● WORK INSTRUCTION: The records below must be transcribed exactly.

[Recorded data]

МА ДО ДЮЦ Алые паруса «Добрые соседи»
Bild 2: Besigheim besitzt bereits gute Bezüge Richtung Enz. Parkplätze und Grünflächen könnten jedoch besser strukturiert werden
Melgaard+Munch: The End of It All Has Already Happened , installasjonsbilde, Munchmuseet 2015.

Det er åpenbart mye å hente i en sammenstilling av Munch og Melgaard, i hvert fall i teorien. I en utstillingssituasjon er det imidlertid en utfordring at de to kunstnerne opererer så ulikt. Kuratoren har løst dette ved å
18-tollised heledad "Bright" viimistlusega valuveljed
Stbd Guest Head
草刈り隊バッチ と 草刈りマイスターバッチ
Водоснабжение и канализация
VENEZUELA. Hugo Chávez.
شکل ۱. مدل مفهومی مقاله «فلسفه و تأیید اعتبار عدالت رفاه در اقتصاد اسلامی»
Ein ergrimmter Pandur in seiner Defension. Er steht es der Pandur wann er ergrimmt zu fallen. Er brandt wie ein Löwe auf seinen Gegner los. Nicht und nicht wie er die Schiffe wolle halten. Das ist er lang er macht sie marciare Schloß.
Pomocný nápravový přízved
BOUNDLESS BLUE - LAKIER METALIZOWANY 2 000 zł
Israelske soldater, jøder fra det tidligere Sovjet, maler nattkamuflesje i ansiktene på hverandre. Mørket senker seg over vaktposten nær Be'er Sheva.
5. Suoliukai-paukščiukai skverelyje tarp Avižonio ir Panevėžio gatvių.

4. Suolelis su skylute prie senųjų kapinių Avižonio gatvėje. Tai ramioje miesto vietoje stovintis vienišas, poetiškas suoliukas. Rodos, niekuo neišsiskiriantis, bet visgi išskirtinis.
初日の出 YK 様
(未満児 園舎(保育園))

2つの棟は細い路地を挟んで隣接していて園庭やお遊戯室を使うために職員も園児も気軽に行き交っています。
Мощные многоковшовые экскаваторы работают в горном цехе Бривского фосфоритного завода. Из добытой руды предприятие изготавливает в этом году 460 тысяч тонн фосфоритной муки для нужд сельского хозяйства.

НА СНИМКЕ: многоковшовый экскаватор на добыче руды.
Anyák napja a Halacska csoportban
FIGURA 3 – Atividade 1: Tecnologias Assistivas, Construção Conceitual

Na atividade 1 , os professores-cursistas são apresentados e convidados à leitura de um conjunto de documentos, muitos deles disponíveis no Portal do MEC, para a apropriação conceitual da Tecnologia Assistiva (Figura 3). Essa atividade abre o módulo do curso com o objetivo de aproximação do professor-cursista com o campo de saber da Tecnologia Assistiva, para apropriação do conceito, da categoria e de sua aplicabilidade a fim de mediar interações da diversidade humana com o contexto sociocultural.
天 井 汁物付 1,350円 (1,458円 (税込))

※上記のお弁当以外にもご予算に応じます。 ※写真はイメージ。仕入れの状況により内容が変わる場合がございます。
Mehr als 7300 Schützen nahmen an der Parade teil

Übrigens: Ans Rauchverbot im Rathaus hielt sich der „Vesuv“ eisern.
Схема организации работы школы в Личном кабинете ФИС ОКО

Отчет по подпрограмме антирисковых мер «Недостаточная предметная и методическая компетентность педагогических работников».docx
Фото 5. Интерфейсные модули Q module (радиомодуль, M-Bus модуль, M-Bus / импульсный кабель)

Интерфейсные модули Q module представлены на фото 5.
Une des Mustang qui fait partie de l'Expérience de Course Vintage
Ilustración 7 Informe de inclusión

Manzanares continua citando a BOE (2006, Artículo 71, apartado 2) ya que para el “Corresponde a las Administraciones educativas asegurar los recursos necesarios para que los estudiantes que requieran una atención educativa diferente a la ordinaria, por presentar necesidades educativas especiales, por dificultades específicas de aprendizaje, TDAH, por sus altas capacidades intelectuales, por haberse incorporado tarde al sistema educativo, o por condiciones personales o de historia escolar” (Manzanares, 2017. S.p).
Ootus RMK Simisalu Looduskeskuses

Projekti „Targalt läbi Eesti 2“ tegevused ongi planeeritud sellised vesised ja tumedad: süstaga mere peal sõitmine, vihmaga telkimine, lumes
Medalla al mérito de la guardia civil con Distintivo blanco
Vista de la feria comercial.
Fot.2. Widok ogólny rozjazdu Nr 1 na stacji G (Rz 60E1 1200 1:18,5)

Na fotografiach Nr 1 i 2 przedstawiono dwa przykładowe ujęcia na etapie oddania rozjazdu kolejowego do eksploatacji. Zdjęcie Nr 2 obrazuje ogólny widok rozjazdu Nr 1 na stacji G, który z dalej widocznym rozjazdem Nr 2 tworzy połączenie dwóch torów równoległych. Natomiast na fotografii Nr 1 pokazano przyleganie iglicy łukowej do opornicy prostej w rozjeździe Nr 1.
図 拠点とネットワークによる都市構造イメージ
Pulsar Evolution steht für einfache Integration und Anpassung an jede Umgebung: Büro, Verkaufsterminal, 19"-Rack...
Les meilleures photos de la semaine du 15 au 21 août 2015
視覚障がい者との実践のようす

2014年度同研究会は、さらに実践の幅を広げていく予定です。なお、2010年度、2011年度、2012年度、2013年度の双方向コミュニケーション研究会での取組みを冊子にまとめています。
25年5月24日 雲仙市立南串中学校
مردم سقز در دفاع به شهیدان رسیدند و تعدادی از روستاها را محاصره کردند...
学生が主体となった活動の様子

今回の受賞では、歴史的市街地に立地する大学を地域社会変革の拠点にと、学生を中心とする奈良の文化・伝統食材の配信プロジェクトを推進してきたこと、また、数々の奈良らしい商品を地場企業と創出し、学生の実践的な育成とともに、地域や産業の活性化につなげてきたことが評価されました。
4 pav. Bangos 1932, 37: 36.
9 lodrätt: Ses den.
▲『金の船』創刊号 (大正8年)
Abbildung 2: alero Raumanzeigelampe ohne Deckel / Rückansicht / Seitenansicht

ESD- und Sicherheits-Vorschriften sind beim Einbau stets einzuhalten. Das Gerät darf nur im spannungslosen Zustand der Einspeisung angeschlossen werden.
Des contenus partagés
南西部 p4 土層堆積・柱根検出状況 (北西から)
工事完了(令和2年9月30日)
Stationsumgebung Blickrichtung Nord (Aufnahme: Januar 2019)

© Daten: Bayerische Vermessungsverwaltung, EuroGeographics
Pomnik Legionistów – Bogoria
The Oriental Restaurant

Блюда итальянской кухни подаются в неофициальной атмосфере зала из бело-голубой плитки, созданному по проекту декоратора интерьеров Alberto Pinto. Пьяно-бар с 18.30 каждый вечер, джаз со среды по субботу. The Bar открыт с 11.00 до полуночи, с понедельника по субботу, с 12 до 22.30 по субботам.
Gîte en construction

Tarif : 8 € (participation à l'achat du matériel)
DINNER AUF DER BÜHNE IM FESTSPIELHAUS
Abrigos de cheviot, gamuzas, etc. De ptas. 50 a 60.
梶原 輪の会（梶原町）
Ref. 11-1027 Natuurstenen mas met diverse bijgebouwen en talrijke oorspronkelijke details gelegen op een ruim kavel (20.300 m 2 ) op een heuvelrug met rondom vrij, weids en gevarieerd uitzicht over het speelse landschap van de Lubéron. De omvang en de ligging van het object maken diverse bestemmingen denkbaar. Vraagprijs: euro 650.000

● EXPECTED ANSWER:
МА ДО ДЮЦ Алые паруса «Добрые соседи»
Bild 2: Besigheim besitzt bereits gute Bezüge Richtung Enz. Parkplätze und Grünflächen könnten jedoch besser strukturiert werden
Melgaard+Munch: The End of It All Has Already Happened , installasjonsbilde, Munchmuseet 2015.

Det er åpenbart mye å hente i en sammenstilling av Munch og Melgaard, i hvert fall i teorien. I en utstillingssituasjon er det imidlertid en utfordring at de to kunstnerne opererer så ulikt. Kuratoren har løst dette ved å
18-tollised heledad "Bright" viimistlusega valuveljed
Stbd Guest Head
草刈り隊バッチ と 草刈りマイスターバッチ
Водоснабжение и канализация
VENEZUELA. Hugo Chávez.
شکل ۱. مدل مفهومی مقاله «فلسفه و تأیید اعتبار عدالت رفاه در اقتصاد اسلامی»
Ein ergrimmter Pandur in seiner Defension. Er steht es der Pandur wann er ergrimmt zu fallen. Er brandt wie ein Löwe auf seinen Gegner los. Nicht und nicht wie er die Schiffe wolle halten. Das ist er lang er macht sie marciare Schloß.
Pomocný nápravový přízved
BOUNDLESS BLUE - LAKIER METALIZOWANY 2 000 zł
Israelske soldater, jøder fra det tidligere Sovjet, maler nattkamuflesje i ansiktene på hverandre. Mørket senker seg over vaktposten nær Be'er Sheva.
5. Suoliukai-paukščiukai skverelyje tarp Avižonio ir Panevėžio gatvių.

4. Suolelis su skylute prie senųjų kapinių Avižonio gatvėje. Tai ramioje miesto vietoje stovintis vienišas, poetiškas suoliukas. Rodos, niekuo neišsiskiriantis, bet visgi išskirtinis.
初日の出 YK 様
(未満児 園舎(保育園))

2つの棟は細い路地を挟んで隣接していて園庭やお遊戯室を使うために職員も園児も気軽に行き交っています。
Мощные многоковшовые экскаваторы работают в горном цехе Бривского фосфоритного завода. Из добытой руды предприятие изготавливает в этом году 460 тысяч тонн фосфоритной муки для нужд сельского хозяйства.

НА СНИМКЕ: многоковшовый экскаватор на добыче руды.
Anyák napja a Halacska csoportban
FIGURA 3 – Atividade 1: Tecnologias Assistivas, Construção Conceitual

Na atividade 1 , os professores-cursistas são apresentados e convidados à leitura de um conjunto de documentos, muitos deles disponíveis no Portal do MEC, para a apropriação conceitual da Tecnologia Assistiva (Figura 3). Essa atividade abre o módulo do curso com o objetivo de aproximação do professor-cursista com o campo de saber da Tecnologia Assistiva, para apropriação do conceito, da categoria e de sua aplicabilidade a fim de mediar interações da diversidade humana com o contexto sociocultural.
天 井 汁物付 1,350円 (1,458円 (税込))

※上記のお弁当以外にもご予算に応じます。 ※写真はイメージ。仕入れの状況により内容が変わる場合がございます。
Mehr als 7300 Schützen nahmen an der Parade teil

Übrigens: Ans Rauchverbot im Rathaus hielt sich der „Vesuv“ eisern.
Схема организации работы школы в Личном кабинете ФИС ОКО

Отчет по подпрограмме антирисковых мер «Недостаточная предметная и методическая компетентность педагогических работников».docx
Фото 5. Интерфейсные модули Q module (радиомодуль, M-Bus модуль, M-Bus / импульсный кабель)

Интерфейсные модули Q module представлены на фото 5.
Une des Mustang qui fait partie de l'Expérience de Course Vintage
Ilustración 7 Informe de inclusión

Manzanares continua citando a BOE (2006, Artículo 71, apartado 2) ya que para el “Corresponde a las Administraciones educativas asegurar los recursos necesarios para que los estudiantes que requieran una atención educativa diferente a la ordinaria, por presentar necesidades educativas especiales, por dificultades específicas de aprendizaje, TDAH, por sus altas capacidades intelectuales, por haberse incorporado tarde al sistema educativo, o por condiciones personales o de historia escolar” (Manzanares, 2017. S.p).
Ootus RMK Simisalu Looduskeskuses

Projekti „Targalt läbi Eesti 2“ tegevused ongi planeeritud sellised vesised ja tumedad: süstaga mere peal sõitmine, vihmaga telkimine, lumes
Medalla al mérito de la guardia civil con Distintivo blanco
Vista de la feria comercial.
Fot.2. Widok ogólny rozjazdu Nr 1 na stacji G (Rz 60E1 1200 1:18,5)

Na fotografiach Nr 1 i 2 przedstawiono dwa przykładowe ujęcia na etapie oddania rozjazdu kolejowego do eksploatacji. Zdjęcie Nr 2 obrazuje ogólny widok rozjazdu Nr 1 na stacji G, który z dalej widocznym rozjazdem Nr 2 tworzy połączenie dwóch torów równoległych. Natomiast na fotografii Nr 1 pokazano przyleganie iglicy łukowej do opornicy prostej w rozjeździe Nr 1.
図 拠点とネットワークによる都市構造イメージ
Pulsar Evolution steht für einfache Integration und Anpassung an jede Umgebung: Büro, Verkaufsterminal, 19"-Rack...
Les meilleures photos de la semaine du 15 au 21 août 2015
視覚障がい者との実践のようす

2014年度同研究会は、さらに実践の幅を広げていく予定です。なお、2010年度、2011年度、2012年度、2013年度の双方向コミュニケーション研究会での取組みを冊子にまとめています。
25年5月24日 雲仙市立南串中学校
مردم سقز در دفاع به شهیدان رسیدند و تعدادی از روستاها را محاصره کردند...
学生が主体となった活動の様子

今回の受賞では、歴史的市街地に立地する大学を地域社会変革の拠点にと、学生を中心とする奈良の文化・伝統食材の配信プロジェクトを推進してきたこと、また、数々の奈良らしい商品を地場企業と創出し、学生の実践的な育成とともに、地域や産業の活性化につなげてきたことが評価されました。
4 pav. Bangos 1932, 37: 36.
9 lodrätt: Ses den.
▲『金の船』創刊号 (大正8年)
Abbildung 2: alero Raumanzeigelampe ohne Deckel / Rückansicht / Seitenansicht

ESD- und Sicherheits-Vorschriften sind beim Einbau stets einzuhalten. Das Gerät darf nur im spannungslosen Zustand der Einspeisung angeschlossen werden.
Des contenus partagés
南西部 p4 土層堆積・柱根検出状況 (北西から)
工事完了(令和2年9月30日)
Stationsumgebung Blickrichtung Nord (Aufnahme: Januar 2019)

© Daten: Bayerische Vermessungsverwaltung, EuroGeographics
Pomnik Legionistów – Bogoria
The Oriental Restaurant

Блюда итальянской кухни подаются в неофициальной атмосфере зала из бело-голубой плитки, созданному по проекту декоратора интерьеров Alberto Pinto. Пьяно-бар с 18.30 каждый вечер, джаз со среды по субботу. The Bar открыт с 11.00 до полуночи, с понедельника по субботу, с 12 до 22.30 по субботам.
Gîte en construction

Tarif : 8 € (participation à l'achat du matériel)
DINNER AUF DER BÜHNE IM FESTSPIELHAUS
Abrigos de cheviot, gamuzas, etc. De ptas. 50 a 60.
梶原 輪の会（梶原町）
Ref. 11-1027 Natuurstenen mas met diverse bijgebouwen en talrijke oorspronkelijke details gelegen op een ruim kavel (20.300 m 2 ) op een heuvelrug met rondom vrij, weids en gevarieerd uitzicht over het speelse landschap van de Lubéron. De omvang en de ligging van het object maken diverse bestemmingen denkbaar. Vraagprijs: euro 650.000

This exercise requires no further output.